All of the data is to be written out again exactly, without the pictures.

Data
+++

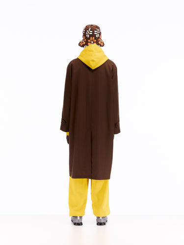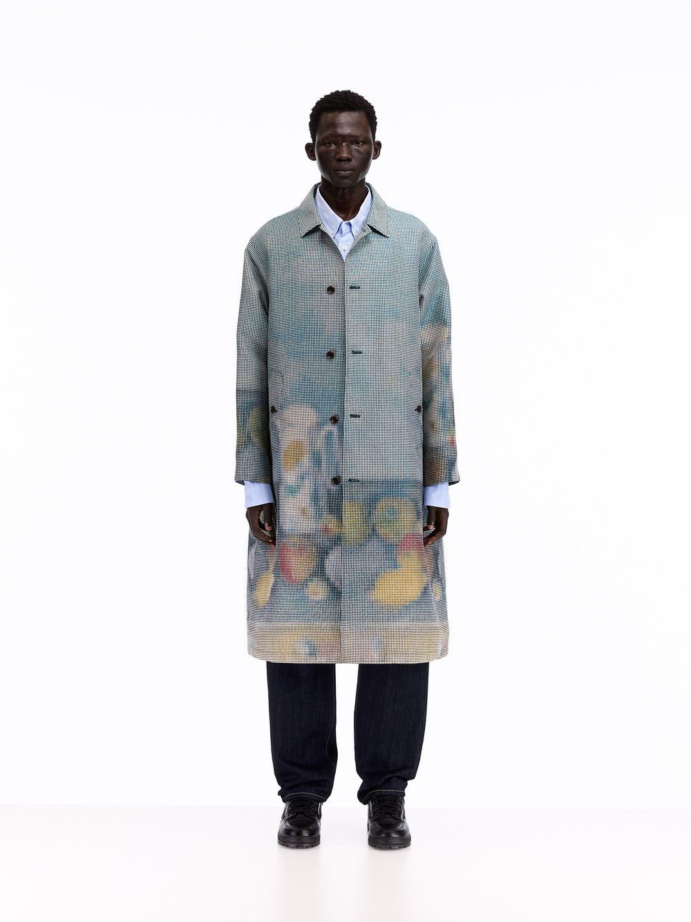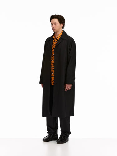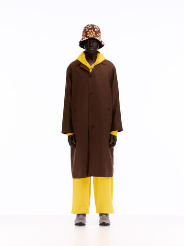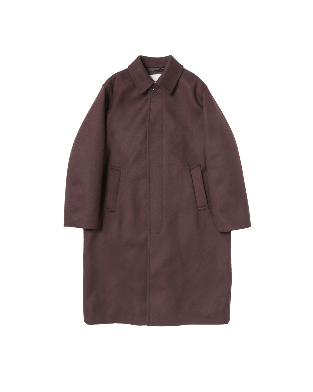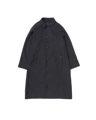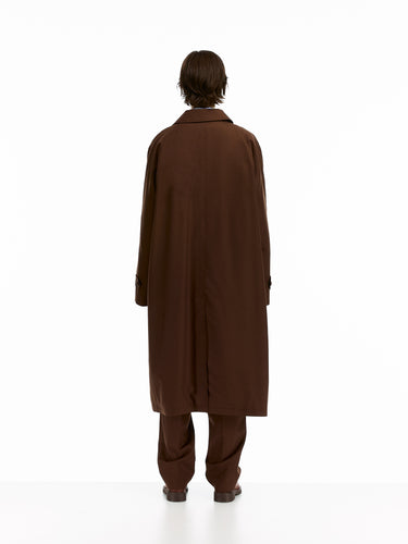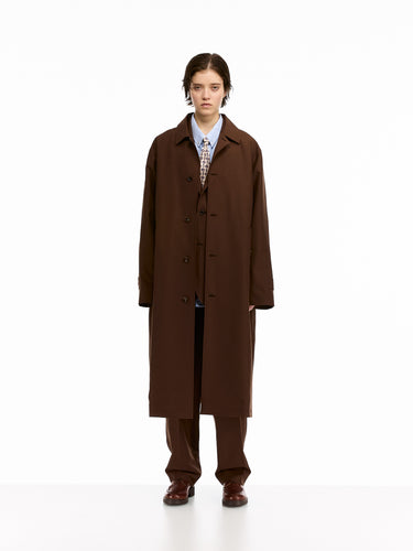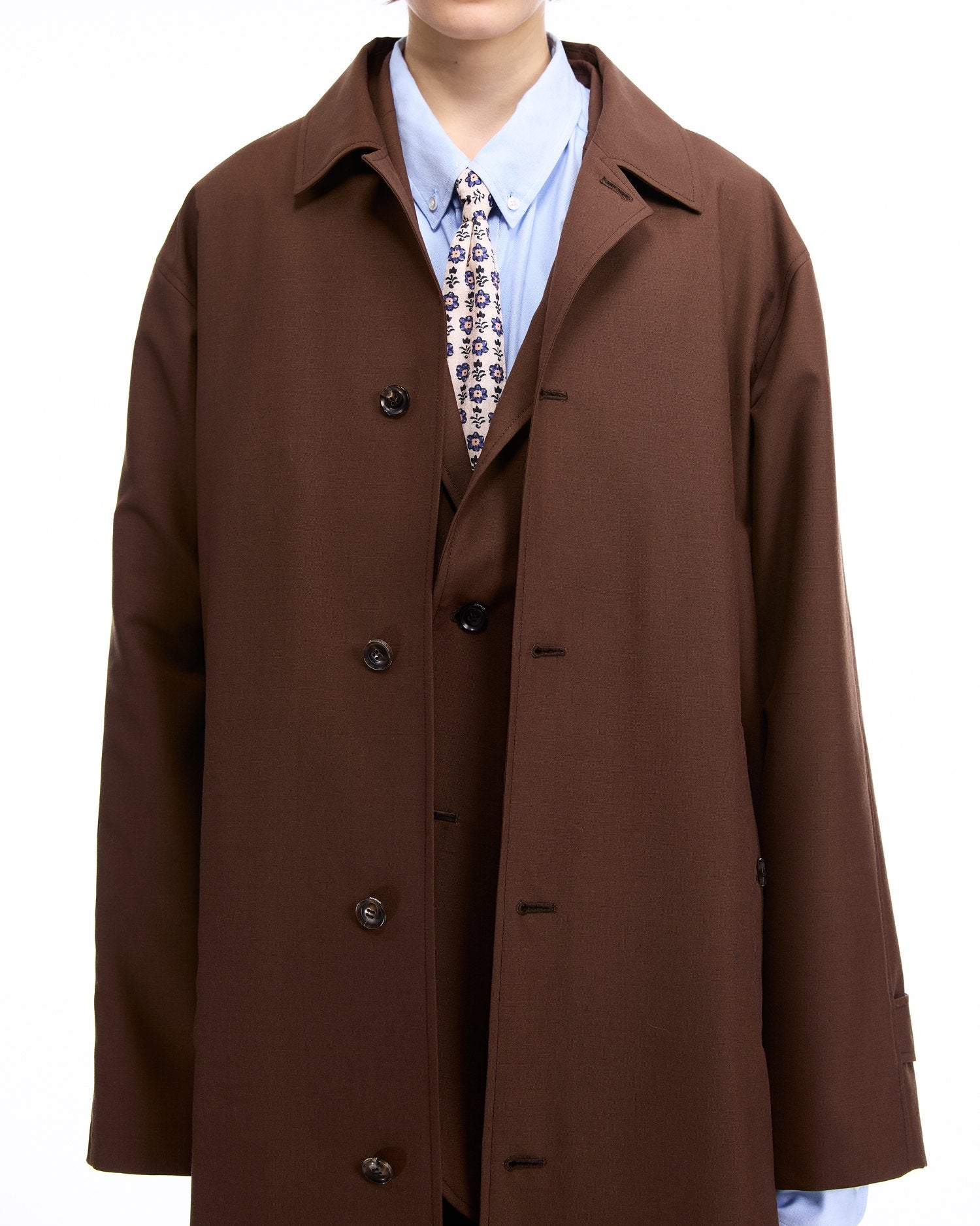 A discerning split raglan coat made from a firm wool-mohair blended fabric.
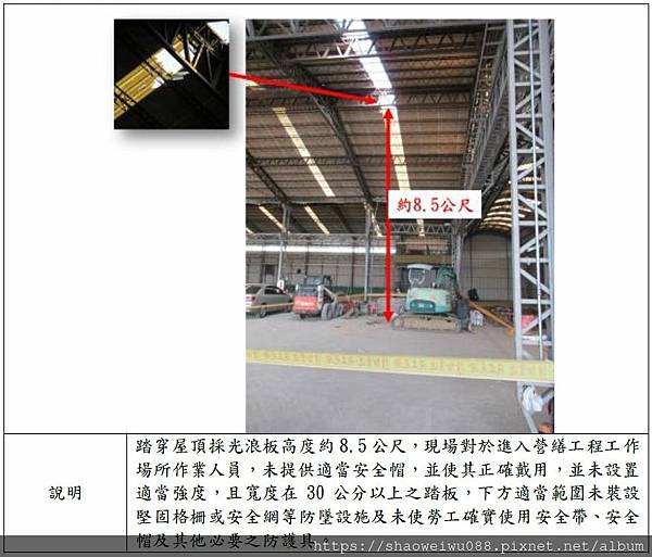 (一)直接原因:踏穿距地約 8.5 公尺高之屋頂採光浪板墜落至地面,導致傷重致死。
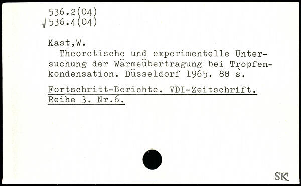 Theoretische und experimentelle Untersuchung der Wärmeübertragung bei Tropfenkondensat ion. Düsseldorf 1965
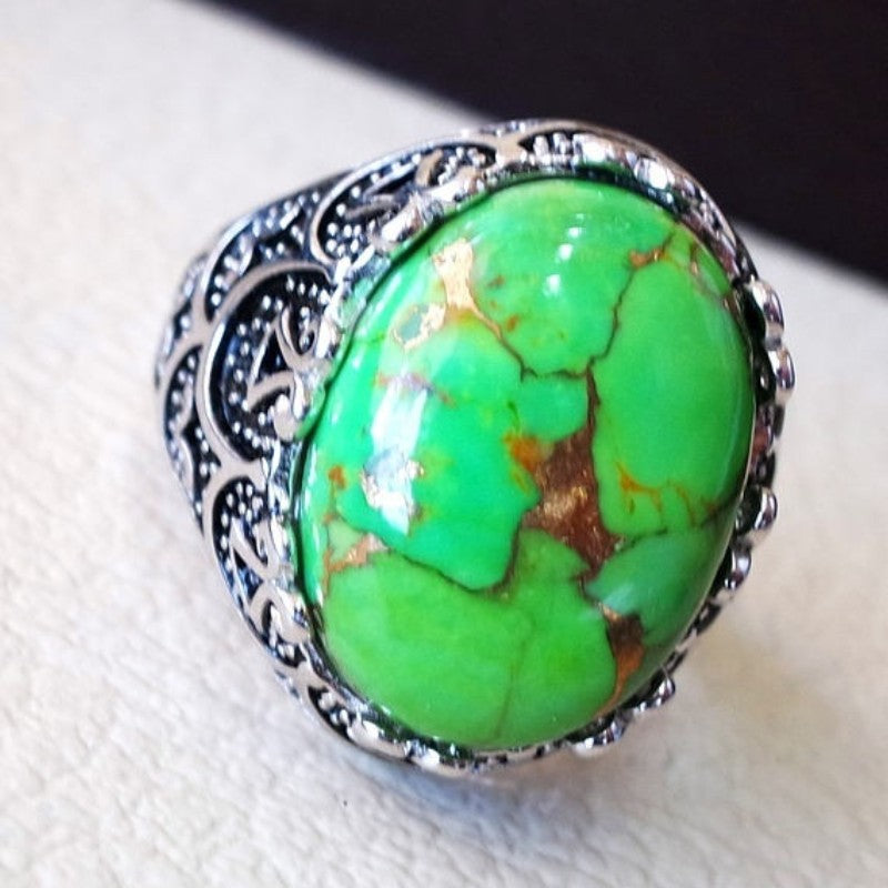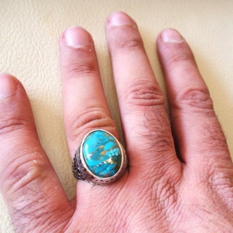 This vintage-style ring features a beautiful artificial turquoise stone set in zinc alloy. It is a perfect accessory for anniversaries, birthdays, or daily wear.

+++

Output of the task
 A discerning split raglan coat made from a firm wool-mohair blended fabric.
 (一)直接原因:踏穿距地約 8.5 公尺高之屋頂採光浪板墜落至地面,導致傷重致死。
 Theoretische und experimentelle Untersuchung der Wärmeübertragung bei Tropfenkondensat ion. Düsseldorf 1965
 This vintage-style ring features a beautiful artificial turquoise stone set in zinc alloy. It is a perfect accessory for anniversaries, birthdays, or daily wear.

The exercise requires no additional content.